Poppy production is soaring, experiments with alternative crops are lagging and there are not enough forces to provide security for farmers willing to try growing something different. So the Taliban are obtaining ample funds from the heroin trade -- easily Afghanistan's largest single source of foreign earnings. Western drug addicts are putting more money into Afghanistan's economy than Western governments.
The shortfalls of the civilian effort and the unwillingness or inability of the Afghan government to provide good governance are the country's central problems. These factors largely explain the Taliban's violent revival and the uncertainty of many Afghans about whom to support.
NATO has "bet the alliance" on Afghanistan. No amount of "transformation" or "partnerships" or anything else will matter much if NATO fails for the first time in its history -- even if that failure is not of its own making.
Firm commitments at Riga of more allied troops and equipment for the ISAF and fewer national "caveats" must be part of the answer. But allied leaders must also act on the knowledge that NATO does not have the skills, resources, or experience to take full charge of meeting Afghanistan's requirements for external civilian help. That task must belong to the EU, the one institution with the collective means, skills, resources and -- potentially -- the leadership to relieve NATO and ISAF of burdens for which they are not suited.
Yet the EU holds back. Turf battles with NATO intrude, as well as competition between the EU's executive commission and the member-based council. Even though 19 of NATO's 26 members also belong to the EU, leaders and bureaucrats in most of these countries have been unwilling to back the commitment of their troops with the economic resources needed.
At the Riga summit, NATO should challenge the EU to take its proper share of responsibility for success in Afghanistan. This will require the EU to contribute money, manpower and officials on the ground of the rank and stature of ISAF commanders, in an equal partnership with NATO.
By coincidence, the EU's rotating presidency is now held by Finland.
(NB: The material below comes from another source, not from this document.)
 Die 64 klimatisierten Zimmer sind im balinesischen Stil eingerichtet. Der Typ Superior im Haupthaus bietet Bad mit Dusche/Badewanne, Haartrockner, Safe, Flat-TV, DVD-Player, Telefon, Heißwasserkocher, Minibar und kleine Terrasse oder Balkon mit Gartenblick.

NATO's presidents and prime ministers could simply cross the Baltic Sea from Riga for a half-day Afghanistan summit with the EU in Helsinki. One or two EU countries might object that this would mix institutional apples and oranges. But for Europeans who claim equal status with NATO for the EU's Common Foreign and Security Policy, this is the time to put up or shut up.
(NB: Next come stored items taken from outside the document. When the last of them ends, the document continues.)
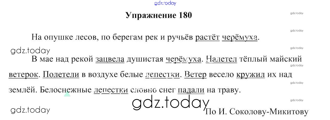 На страницах сайта gdz.today вы найдете учебный и вспомогательный материал, направленный на улучшения знаний школьной программы. ГДЗ - онлайн мир знаний Решение к части 2. Упражнения 180 Учебнику по Русскому языку для 3 класса Антипова, Верниковская Сэр-Вит 2019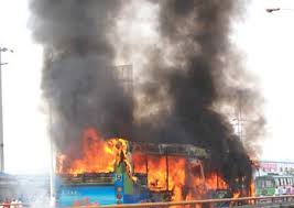A NEKRTC bus was set on fire near Khajuri in Aland taluk, Bande’s home town, and a few vehicles were stoned in Gulbarga. A bandh was observed in Gulbarga and Aland.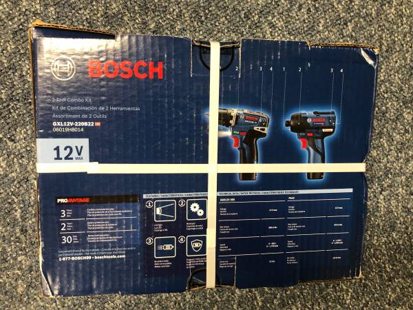 Selling a Bosch 12V cordless Power Drill and Impact Driver combo kit. Brand new in original factory sealed box. Model GXL12V-220B22. Never been opened or used. Brushless motor. Electronic motor protection. Metal gear. LED light. Power drill has 3/8 inch chuck and produces 300 in-lb of max torque. The Impact Driver has 1/4 inch chuck and produces 975 in-lb of max torque. Comes with 2 batteries, fast charger, belt clip, and carry bag. Price is $120 cash. Serious inquiries only please. Ad will be removed when it is sold.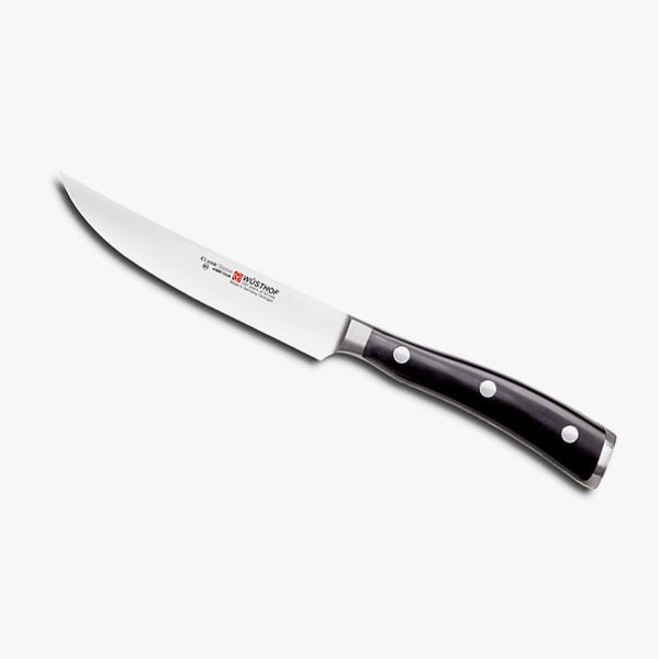 The Wüsthof Classic Ikon White 12cm Steak Knife It is, as its name might already suggest, perfect for cutting a good piece of meat. This knife is enhanced with a cream colored handle. The cutting edge is not enhanced with serrations, but is simply sharp. Exactly what a high-quality steak knife should be.

Even if leaders balk at an extra half-day of meetings to address the most serious threat to NATO's future, the Riga summit can issue a demand that its own 19 dual members, and the rest of the EU, agree to assume shared responsibility in Afghanistan.
NATO is in Afghanistan largely owing to shared concerns about terrorism. But NATO is also acting because some European countries want to show Washington that they can pull their security weight even though they refuse to go near the war in Iraq.
All NATO allies and EU members want the US to remain committed to Europe's future, to take the lead elsewhere in meeting security needs on which all agree, and to admit Europe into its strategic confidence.
That now requires supporting the EU's deep involvement in Afghanistan as its key contribution to repairing and reforming the Atlantic Alliance.
Robert Hunter, US ambassador to NATO from 1993 to 1998, is a senior adviser at RAND Corp, a nonprofit research organization.